はじめのうちは浅野さんの決断に半信半疑だったスタッフたちも、古戦場の評判が急上昇するにつれサウナに対する見方を変えていった。2021年の夏にはふたりの20代の若手社員が、古戦場オリジナルサウナグッズを積み込んで全国行脚の旅に出た。すでに岩手県内でトップの評価を受けていたサウナを全国にPRすべく各地の温浴施設を巡ってグッズを販売、その売上で熊本県まで旅をした。結果的にグッズは予想以上に売れ、同時に全国のサウナブームの熱気を目の当たりにし、アウフグースの技術を習得して約3ヶ月後に一関に帰還、まだ東北地方では珍しい、蒸気と熱風をサウナーに送る「熱波師」として活動を始めた。

「熱波熊谷」こと熊谷秋男さん。パート従業員として古戦場で15年働き、一関市内で酒屋を経営する。

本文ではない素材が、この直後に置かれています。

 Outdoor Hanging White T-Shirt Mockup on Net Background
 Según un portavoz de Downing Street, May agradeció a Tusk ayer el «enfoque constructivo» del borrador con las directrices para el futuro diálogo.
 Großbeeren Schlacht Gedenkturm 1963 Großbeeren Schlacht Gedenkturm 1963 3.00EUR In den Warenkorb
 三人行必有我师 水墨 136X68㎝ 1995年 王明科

さらにもうすぐ70歳になるという、レストランのホール担当である熊谷秋男さんも熱波師としてデビュー、さらなる話題を呼んだ。100℃を超える密室で汗だくになりながら全身を酷使するのは、年齢を考慮せずともかなりの重労働だ。「熱波熊谷です!70歳ですががんばりますのでよろしくお願いします!」と熊谷さんが口上を述べると、熱風を待つサウナーたちから「無理しないでください(笑)!」と絶妙の合いの手が入り場が一気に和む。浅野さんは、老若男女問わず人を楽しませることができる熊谷さんのキャラクターに賭けたのだ。

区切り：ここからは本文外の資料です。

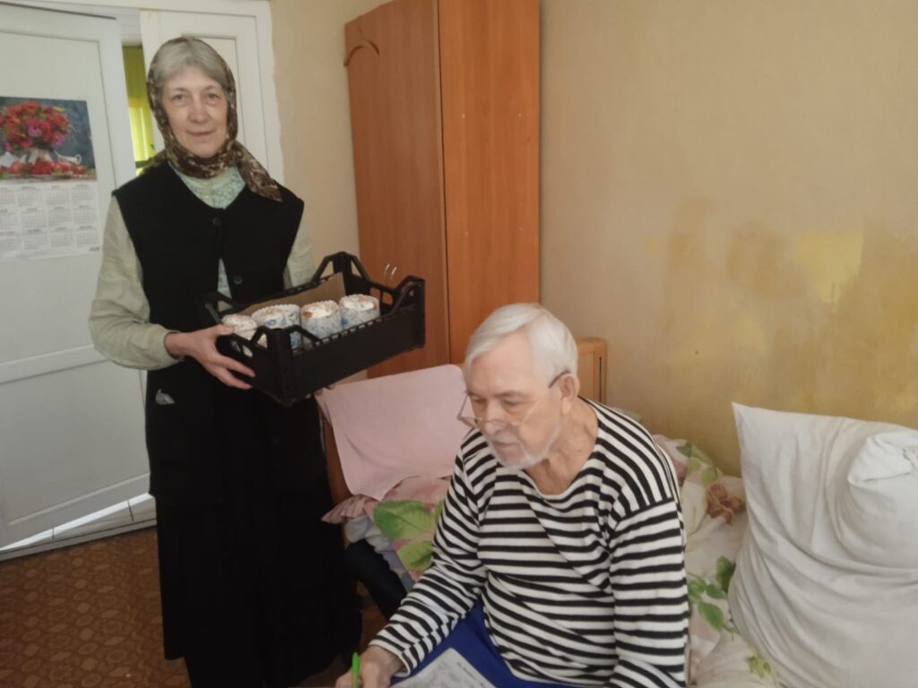 Специально к празднику Святой Пасхи, чтобы доставить радость пожилым одиноким людям, приход храма совместно с Епархиальным отделом социального служения заказали в пекарне 170 куличей. Социальный работник храма и сотрудники социального отдела обошли все палаты, поздравили проживающих престарелых людей и инвалидов с наступающим праздником Пасхи и подарили каждому кулич.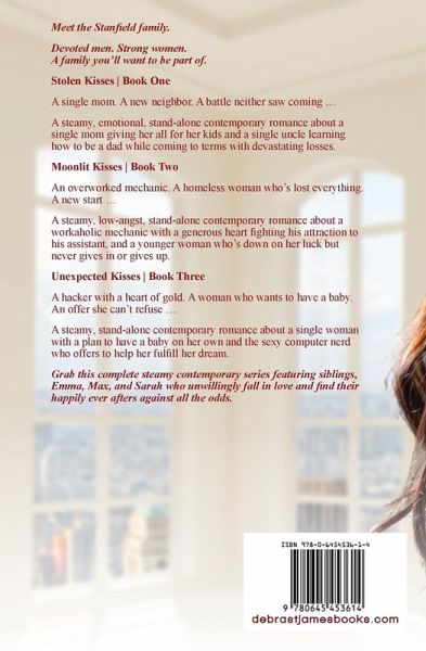 Meet the Stanfield family. Devoted men. Strong women. A family you'll want to be part of. Stolen Kisses Book One A single mom. A new neighbor. A battle neither saw coming ... A steamy, emotional, stand-alone contemporary romance about a single mom giving her all for her kids and a single uncle learning how to be a dad while coming to terms with devastating losses. Moonlit Kisses Book Two An overworked mechanic. A homeless woman who's lost everything. A new start ... A steamy, low-angst, stand-alone contemporary romance about a workaholic mechanic with a generous heart fighting his attraction to his assistant, and a younger woman who's down on her luck but never gives in or gives up. Unexpected Kisses Book Three A hacker with a heart of gold. A woman who wants to have a baby. An offer she can't refuse ... A steamy, stand-alone contemporary romance about a single woman with a plan to have a baby on her own and the sexy computer nerd who offers to help her fulfill her dream. Grab this complete steamy contemporary series featuring siblings, Emma, Max, and Sarah who unwillingly fall in love and find their happily ever afters against all the odds.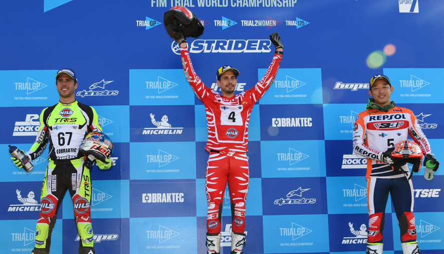 A sus 20 años Jaime Busto a conseguido su primera victoria en el TrialGP. Una carrera ganada además con mucho trabajo, esfuerzo y un total de 19 puntos de penalización que fueron suficientes para vencer a un Toni Bou, ya con mejores sensaciones que el sábado, y que firmó 22 puntos.

110度にもおよぶドライサウナと入浴客自らサウナストーンにアロマウォーターをかける事が可能な「セルフロウリュ」の導入、特許を取得したオリジナルのサウナハットを始めとするバラエティあふれるサウナグッズの製作、サウナ上がりの飲食を意味する「サ飯」の積極的なメニュー開発。古戦場は驚異的なペースで日々進化を繰り返し、岩手県のサウナカルチャーを牽引するホットスポットとしての地位を固めていった。

特許を取得した古戦場のオリジナルサウナハットはタオルを通す切り込みがあり、肌と喉を保護する。一関市のふるさと納税返礼品にもなっている。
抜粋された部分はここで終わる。